Del miedo al alivio: las familias zamoranas pendientes de Venezuela mientras el reloj corre contra los escombros

Hay noticias que no se cuentan, se sienten. Y las que llegan desde Venezuela en las últimas horas llevan el peso de la incertidumbre, el miedo y también del alivio cuando, al otro lado del teléfono, alguien responde.
El Oasis Beach - Imagen cedida de Manuel Miguel
photo_camera El Oasis Beach, terremoto Venezuela- Imagen cedida de Manuel Miguel

Los dos devastadores terremotos de magnitud 7,2 y 7,5, registrados con apenas 39 segundos de diferencia, han dejado un escenario de destrucción difícil de describir. Las cifras de víctimas y desaparecidos continúan aumentando mientras los equipos de rescate pelean contra el tiempo en unas primeras 72 horas, que resultan decisivas para encontrar supervivientes bajo los escombros.

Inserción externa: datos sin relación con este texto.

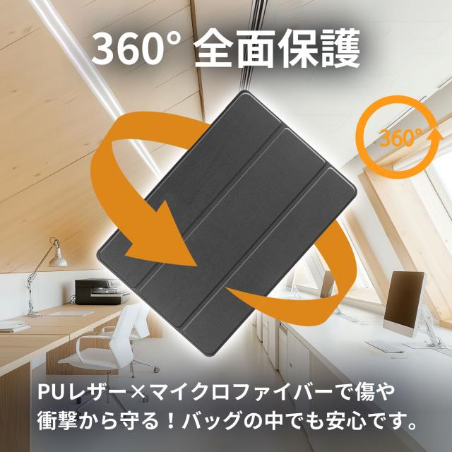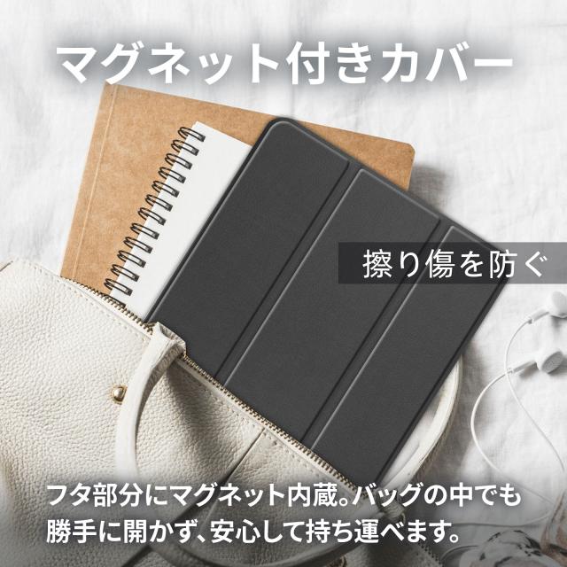 [ 使いやすいシンプルケース ] 【 優れた5つの ポイント 】 (1) 360°全面保護で安心! (2) 快適なスタンド機能付き (3) 汚れに強く、お手入れ簡単 (4) 薄型&軽量で持ち運びラクラク (5) ペマグネット付きカバー 【 360°全面保護で安心 】 PUレザーとマイクロファイバーの組み合わせで、タブレットを傷や衝撃から守ります。 バッグの中でも安心して持ち運び可能です。 【 快適なスタンド機能付き 】 人間工学に基づいた角度設計で、動画視聴やタイピングがスムーズに。 長時間の使用でも快適な姿勢を保てます。 【 薄型&軽量で持ち運びラクラク 】 スリムで軽いデザインだから、バッグの中でもかさばらず、外出時もスマートに持ち運べます。 【 汚れに強く、お手入れ簡単 】 汚れがつきにくい素材を採用。サッと拭くだけで、いつでも清潔に保てます。 【 マグネット付きカバー 】 フタ部分にマグネット内蔵。バッグの中でも勝手に開かず、安心して持ち運べます。 |
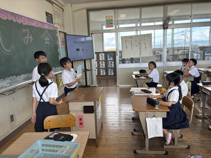 2年生の発表は、「2年生の1日」という題で、各教科で学んだことを発表しました。2✕9=(にく食べたい!)ではありませんよ!
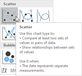 산점도 ( XY 차트 )를 사용하여 과학적 XY 데이터를 표시합니다. 산점도는 종종 변수 X와 Y 사이에 관계가 있는지 확인하는 데 사용됩니다.
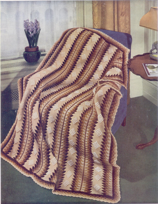 Spread a pad (on a table or on the floor) on which the afghan can be stretched and pinned. Having wrong side up, pin afghan on pad (using rustproof pins) about every inch, stretching it to the given measurements. Lay a damp cloth over it, pass a hot iron lightly over the cloth allowing the steam to go through the material but do not let the weight of the iron rest or press on it. Leave afghan pinned down until dry.
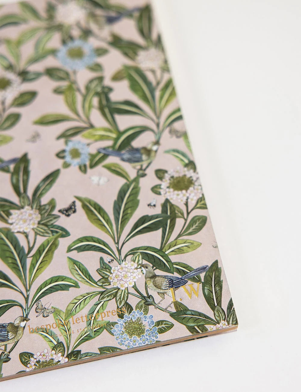 Lined Notebook with hot foil detail to cover, gold gilded edges and forty eight lined heavyweight writing pages.
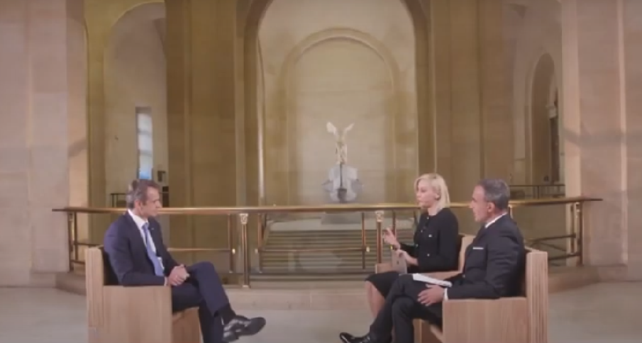 Αποκλειστική συνέντευξη παραχώρησε ο πρωθυπουργός Κυριάκος Μητσοτάκης στην Αντριάνα Παρασκευοπούλου και το Νίκο Αλιάγα, για την ΕΡΤ, στο Λούβρο.

En Zamora, la tragedia también tiene nombres propios. Dos familias vinculadas a nuestra provincia viven estas horas con el corazón dividido entre España y Venezuela.

Los amigos de Ricobayo han recibido, por fin, la noticia que llevaban horas esperando. El hermano pequeño de la familia ha sido localizado y rescatado con vida. Era la última persona de la que no tenían noticias. El alivio es inmenso, aunque la preocupación continúa.

"El último edificio cercano a nuestra casa nos han dicho esta mañana que se ha venido abajo", relatan todavía con la emoción contenida. Los padres y los abuelos están bien, pero el paisaje que describen es el de una ciudad completamente alterada, donde el caos y la incertidumbre marcan cada minuto.

Desde Venezuela hablan de calles irreconocibles, edificios derrumbados, falta de información oficial y una población que intenta ayudarse mutuamente mientras espera la llegada de la ayuda internacional. Especialmente dramática es la situación en el estado de La Guaira, una de las zonas más castigadas por el doble seísmo.

También Linda, otra venezolana con fuertes vínculos familiares, comienza a respirar algo más tranquila. Todos los miembros de su familia han podido ser localizados.

El mayor alivio ha llegado al conocer que su hermano pequeño ha conseguido salir con vida de entre los escombros.

"La vida es lo importante. Lo material ya se recuperará", explica emocionada mientras las noticias siguen llegando a cuentagotas.

Mientras tanto, en el aeropuerto internacional cercano a La Guaira la actividad es frenética. Las instalaciones trabajan para recibir la ayuda humanitaria y coordinar la llegada de equipos especializados de rescate procedentes de distintos países, en una operación internacional que busca acelerar la localización de supervivientes.

terremoto Venezuela - imagen cedida de Manuel Miguel
terremoto Venezuela - imagen cedida de Manuel Miguel

Ahora comienza una carrera contrarreloj.

Bomberos, sanitarios, rescatistas, ingenieros, maquinaria pesada y, especialmente, los perros especializados en búsqueda, se convierten en la gran esperanza de quienes aún esperan escuchar una voz bajo toneladas de hormigón.

Los protocolos internacionales para este tipo de catástrofes vuelven a demostrar su importancia. La coordinación desde los centros de mando avanzado resulta esencial para evitar duplicidades, organizar los recursos y llegar cuanto antes allí donde todavía puede haber vida.

Los especialistas saben que cada minuto cuenta.

Desde Zamora, el seguimiento también es constante. Hace apenas unos días Ricobayo era noticia por la búsqueda del joven desaparecido en el embalse. Hoy son precisamente familiares de esa misma zona quienes mantienen informada a esta redacción sobre la tragedia que vive Venezuela.

Dos realidades separadas por miles de kilómetros pero unidas por el mismo sentimiento: la angustia de esperar noticias de quienes más queremos.

Porque cuando la tierra deja de temblar, comienza otra batalla mucho más silenciosa: la de rescatar vidas, reconstruir hogares y devolver la esperanza a quienes, en apenas cuarenta segundos, vieron cómo su mundo cambiaba para siempre.